# [WORK REQUIRED]
What is needed is a verbatim copy of every record below, with the pictures left out.

::::

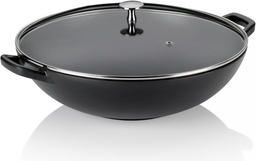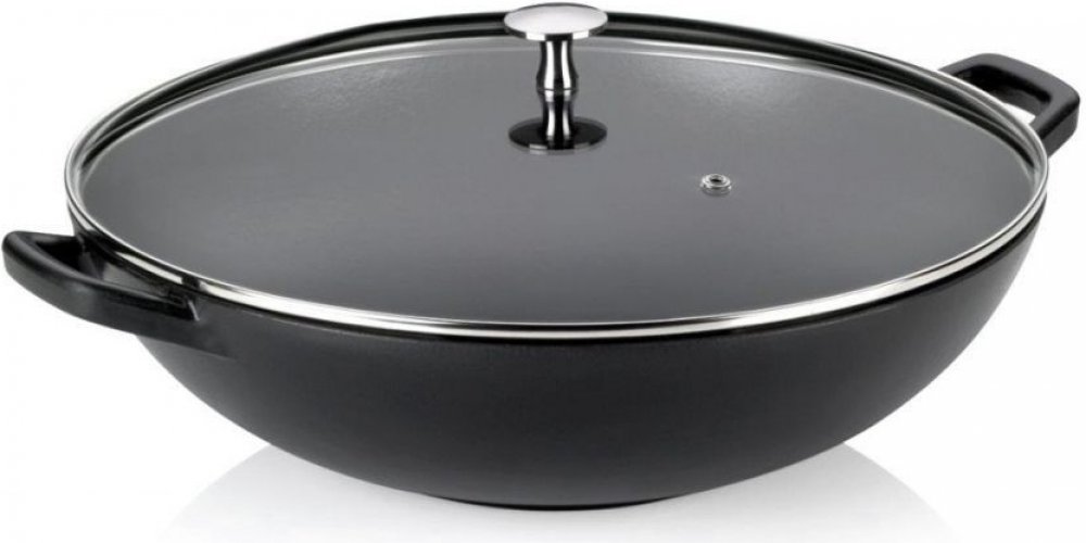 Velká woková pánev o průměru 36 cm se skvěle hodí pro přípravu tradičních smažených, dušených a pečených pokrmů z asijské kuchyně, kdy umožňuje použití na všech typech sporáků, včetně indukce. Efektivitu dušení zvyšuje dodávaná poklice s úchopem z nerezové oceli, která je opatřená otvorem pro únik přebytečné páry. Pečlivě vybraná kombinace materiálů poté zajištuje vyšší odolnost vůči extrémně vyso...
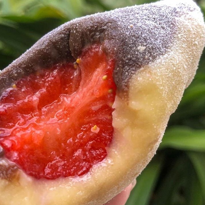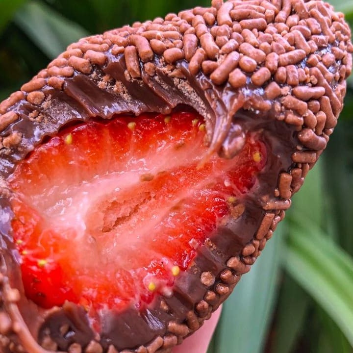 Coxinha preparada com o nosso maravilhoso brigadeiro de chocolate nobre, que derrete na boca de tão macio, recheada com um morango bem fresquinho e finalizada no granulado.
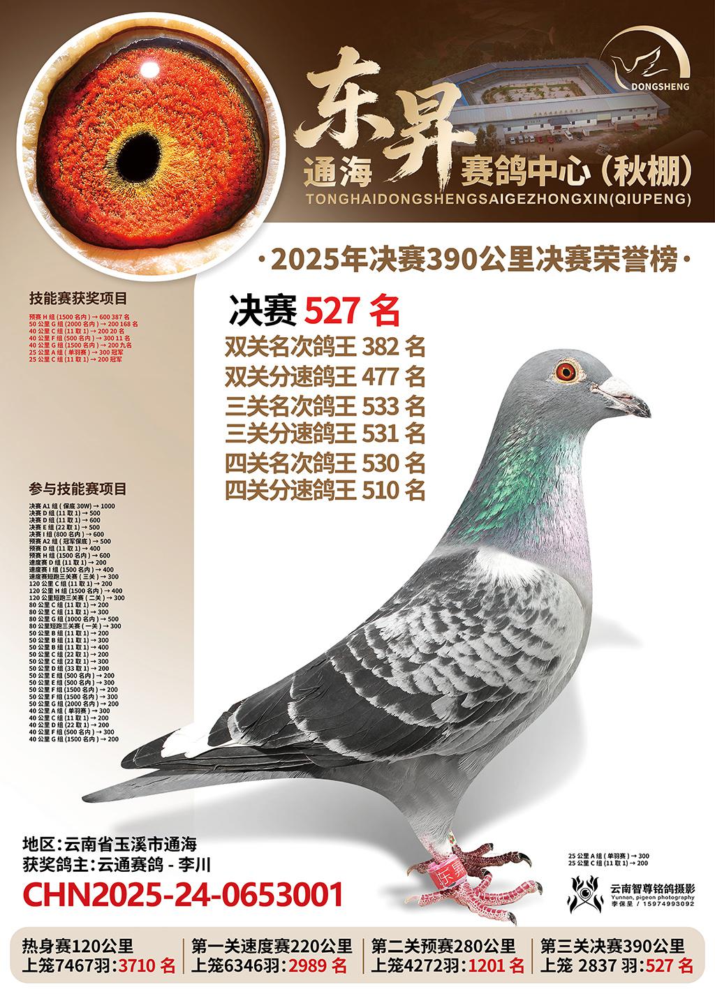 通海东昇赛鸽中心2025决赛527名云通赛鸽-李川CHN2025-24-0653001云南省玉溪市通海获奖鸽展示!
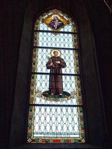 Keywords: ybbs hl laurentius parish church stained glass window lower austria decor symbolic historic religious
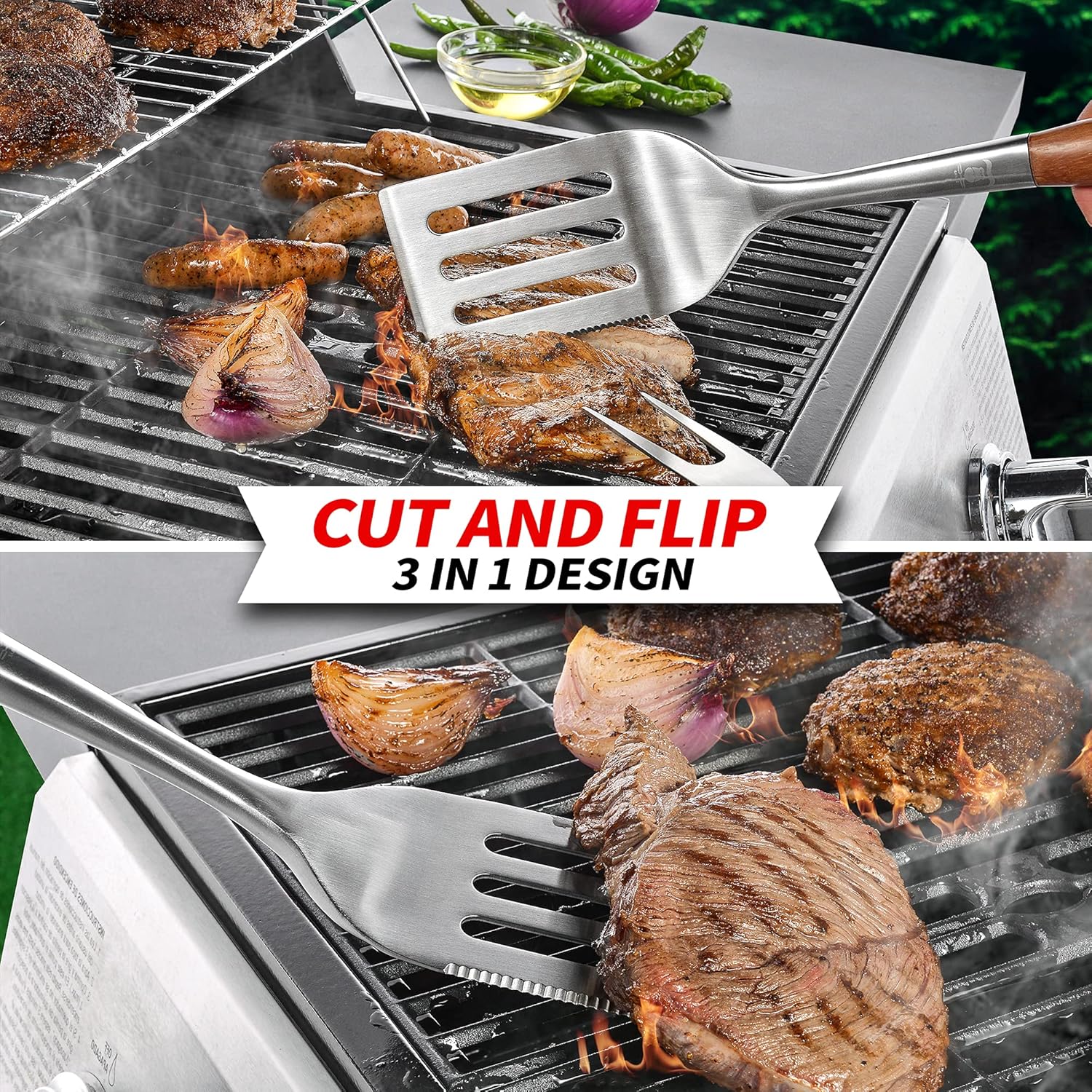 • 3-๐—ถ๐—ป-1 ๐˜€๐—ฝ๐—ฎ๐˜๐˜‚๐—น๐—ฎ: Having a hard time with cutting and grilling? This 3 in 1 spatula with serrated edge is the perfect tool for you. It will make your grilling experience easier and faster. The bottle opener is located at the top of the handle, both for the kitchen grill spatula and forks. It's a multi-functional grilling tool that will make your life much easier!
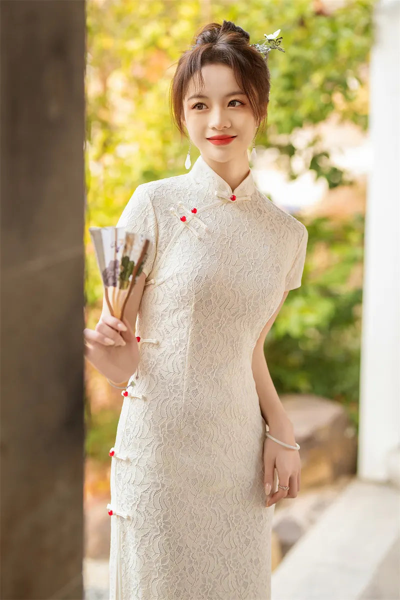 Weißes, florales, modernes Qipao aus Spitze mit roten Froschknöpfen
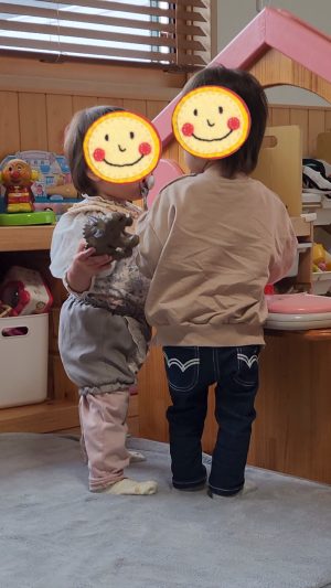プンスカ怒り続けていましたが、、、抱っこ紐の中でお友達の遊んでいる様子を見ていると、ちょ〜とずつ落ち着いていきました♡

::::

# [RESULT OF THE TASK]
 Velká woková pánev o průměru 36 cm se skvěle hodí pro přípravu tradičních smažených, dušených a pečených pokrmů z asijské kuchyně, kdy umožňuje použití na všech typech sporáků, včetně indukce. Efektivitu dušení zvyšuje dodávaná poklice s úchopem z nerezové oceli, která je opatřená otvorem pro únik přebytečné páry. Pečlivě vybraná kombinace materiálů poté zajištuje vyšší odolnost vůči extrémně vyso...
 Coxinha preparada com o nosso maravilhoso brigadeiro de chocolate nobre, que derrete na boca de tão macio, recheada com um morango bem fresquinho e finalizada no granulado.
 通海东昇赛鸽中心2025决赛527名云通赛鸽-李川CHN2025-24-0653001云南省玉溪市通海获奖鸽展示!
 Keywords: ybbs hl laurentius parish church stained glass window lower austria decor symbolic historic religious
 • 3-๐—ถ๐—ป-1 ๐˜€๐—ฝ๐—ฎ๐˜๐˜‚๐—น๐—ฎ: Having a hard time with cutting and grilling? This 3 in 1 spatula with serrated edge is the perfect tool for you. It will make your grilling experience easier and faster. The bottle opener is located at the top of the handle, both for the kitchen grill spatula and forks. It's a multi-functional grilling tool that will make your life much easier!
 Weißes, florales, modernes Qipao aus Spitze mit roten Froschknöpfen
プンスカ怒り続けていましたが、、、抱っこ紐の中でお友達の遊んでいる様子を見ていると、ちょ〜とずつ落ち着いていきました♡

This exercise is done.